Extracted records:
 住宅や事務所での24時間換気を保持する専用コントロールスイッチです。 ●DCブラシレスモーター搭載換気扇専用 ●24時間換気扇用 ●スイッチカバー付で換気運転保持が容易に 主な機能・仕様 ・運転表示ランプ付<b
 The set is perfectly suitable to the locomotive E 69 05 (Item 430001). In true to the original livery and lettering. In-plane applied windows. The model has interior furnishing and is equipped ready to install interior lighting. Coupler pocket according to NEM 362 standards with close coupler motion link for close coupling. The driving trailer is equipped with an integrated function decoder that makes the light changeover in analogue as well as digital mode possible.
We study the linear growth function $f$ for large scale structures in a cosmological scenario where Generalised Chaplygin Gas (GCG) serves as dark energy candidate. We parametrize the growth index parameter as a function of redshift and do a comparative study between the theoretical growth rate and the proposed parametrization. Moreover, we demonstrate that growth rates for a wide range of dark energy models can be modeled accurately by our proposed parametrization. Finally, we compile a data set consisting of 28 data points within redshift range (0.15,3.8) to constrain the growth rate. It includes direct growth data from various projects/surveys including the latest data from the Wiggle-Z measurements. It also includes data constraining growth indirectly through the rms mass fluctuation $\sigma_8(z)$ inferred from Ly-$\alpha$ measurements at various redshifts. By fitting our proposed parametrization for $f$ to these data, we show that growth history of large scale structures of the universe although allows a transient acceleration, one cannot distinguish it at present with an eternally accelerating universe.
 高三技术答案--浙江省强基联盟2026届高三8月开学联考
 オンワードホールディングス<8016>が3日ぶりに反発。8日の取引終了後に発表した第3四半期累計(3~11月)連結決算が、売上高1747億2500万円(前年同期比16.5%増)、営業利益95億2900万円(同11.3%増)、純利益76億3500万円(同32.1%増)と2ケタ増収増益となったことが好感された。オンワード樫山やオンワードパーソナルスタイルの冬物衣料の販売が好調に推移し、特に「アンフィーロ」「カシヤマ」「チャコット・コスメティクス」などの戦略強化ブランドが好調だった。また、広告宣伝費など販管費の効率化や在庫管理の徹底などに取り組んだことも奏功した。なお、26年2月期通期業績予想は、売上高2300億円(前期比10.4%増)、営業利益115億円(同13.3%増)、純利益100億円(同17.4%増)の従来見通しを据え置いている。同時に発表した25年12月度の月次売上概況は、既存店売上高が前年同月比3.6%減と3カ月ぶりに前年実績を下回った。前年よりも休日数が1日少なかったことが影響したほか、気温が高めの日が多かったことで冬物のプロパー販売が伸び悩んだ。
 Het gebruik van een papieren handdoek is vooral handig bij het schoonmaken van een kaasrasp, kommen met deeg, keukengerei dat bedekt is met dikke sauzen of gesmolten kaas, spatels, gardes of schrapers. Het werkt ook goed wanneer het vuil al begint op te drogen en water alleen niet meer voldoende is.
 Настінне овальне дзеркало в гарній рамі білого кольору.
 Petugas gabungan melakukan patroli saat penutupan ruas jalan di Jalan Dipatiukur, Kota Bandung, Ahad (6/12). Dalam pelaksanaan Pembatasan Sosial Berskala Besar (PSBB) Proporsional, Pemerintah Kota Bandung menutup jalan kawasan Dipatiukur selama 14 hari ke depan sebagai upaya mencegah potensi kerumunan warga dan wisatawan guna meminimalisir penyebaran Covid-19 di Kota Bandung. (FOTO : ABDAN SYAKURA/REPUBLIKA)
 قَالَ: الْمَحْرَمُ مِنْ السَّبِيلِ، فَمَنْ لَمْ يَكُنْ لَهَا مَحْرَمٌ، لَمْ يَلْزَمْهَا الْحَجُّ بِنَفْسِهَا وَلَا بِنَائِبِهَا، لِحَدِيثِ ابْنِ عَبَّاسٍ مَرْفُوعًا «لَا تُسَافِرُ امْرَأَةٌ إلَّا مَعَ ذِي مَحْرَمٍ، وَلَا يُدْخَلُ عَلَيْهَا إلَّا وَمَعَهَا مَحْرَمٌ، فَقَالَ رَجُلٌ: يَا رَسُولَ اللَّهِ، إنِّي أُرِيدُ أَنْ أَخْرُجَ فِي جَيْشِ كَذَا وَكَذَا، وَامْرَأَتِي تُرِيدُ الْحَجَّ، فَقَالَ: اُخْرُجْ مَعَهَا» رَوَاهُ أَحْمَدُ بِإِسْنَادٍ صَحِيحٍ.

--

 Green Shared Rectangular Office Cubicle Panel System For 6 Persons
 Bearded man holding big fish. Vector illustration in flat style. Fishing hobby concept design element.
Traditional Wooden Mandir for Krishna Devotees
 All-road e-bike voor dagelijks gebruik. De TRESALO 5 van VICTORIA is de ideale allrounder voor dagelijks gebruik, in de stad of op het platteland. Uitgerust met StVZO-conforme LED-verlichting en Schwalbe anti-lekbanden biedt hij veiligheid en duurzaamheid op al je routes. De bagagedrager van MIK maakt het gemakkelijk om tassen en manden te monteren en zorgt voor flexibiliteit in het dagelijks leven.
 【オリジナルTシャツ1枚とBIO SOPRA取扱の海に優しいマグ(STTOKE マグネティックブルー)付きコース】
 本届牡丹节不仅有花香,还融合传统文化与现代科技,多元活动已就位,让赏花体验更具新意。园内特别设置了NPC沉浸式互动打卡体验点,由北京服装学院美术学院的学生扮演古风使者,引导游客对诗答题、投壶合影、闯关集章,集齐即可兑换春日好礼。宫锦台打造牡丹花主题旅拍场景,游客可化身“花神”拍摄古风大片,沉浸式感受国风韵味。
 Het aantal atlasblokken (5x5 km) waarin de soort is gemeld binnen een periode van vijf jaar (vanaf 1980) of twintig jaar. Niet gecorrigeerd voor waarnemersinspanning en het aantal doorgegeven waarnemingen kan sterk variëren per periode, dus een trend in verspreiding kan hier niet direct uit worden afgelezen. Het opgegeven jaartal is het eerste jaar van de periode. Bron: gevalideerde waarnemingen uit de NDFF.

→ **Exercise brief**: Looking at the data above, return every line from the one with "住宅や事務所での24時間換気を保持する専用コントロールスイッチです。 ●DCブラシレスモーター搭載換気扇専用 ●24時間換気扇用" down to the one with "The set is perfectly", exactly and inclusively.

→ **Result of the task**:
 住宅や事務所での24時間換気を保持する専用コントロールスイッチです。 ●DCブラシレスモーター搭載換気扇専用 ●24時間換気扇用 ●スイッチカバー付で換気運転保持が容易に 主な機能・仕様 ・運転表示ランプ付<b
 The set is perfectly suitable to the locomotive E 69 05 (Item 430001). In true to the original livery and lettering. In-plane applied windows. The model has interior furnishing and is equipped ready to install interior lighting. Coupler pocket according to NEM 362 standards with close coupler motion link for close coupling. The driving trailer is equipped with an integrated function decoder that makes the light changeover in analogue as well as digital mode possible.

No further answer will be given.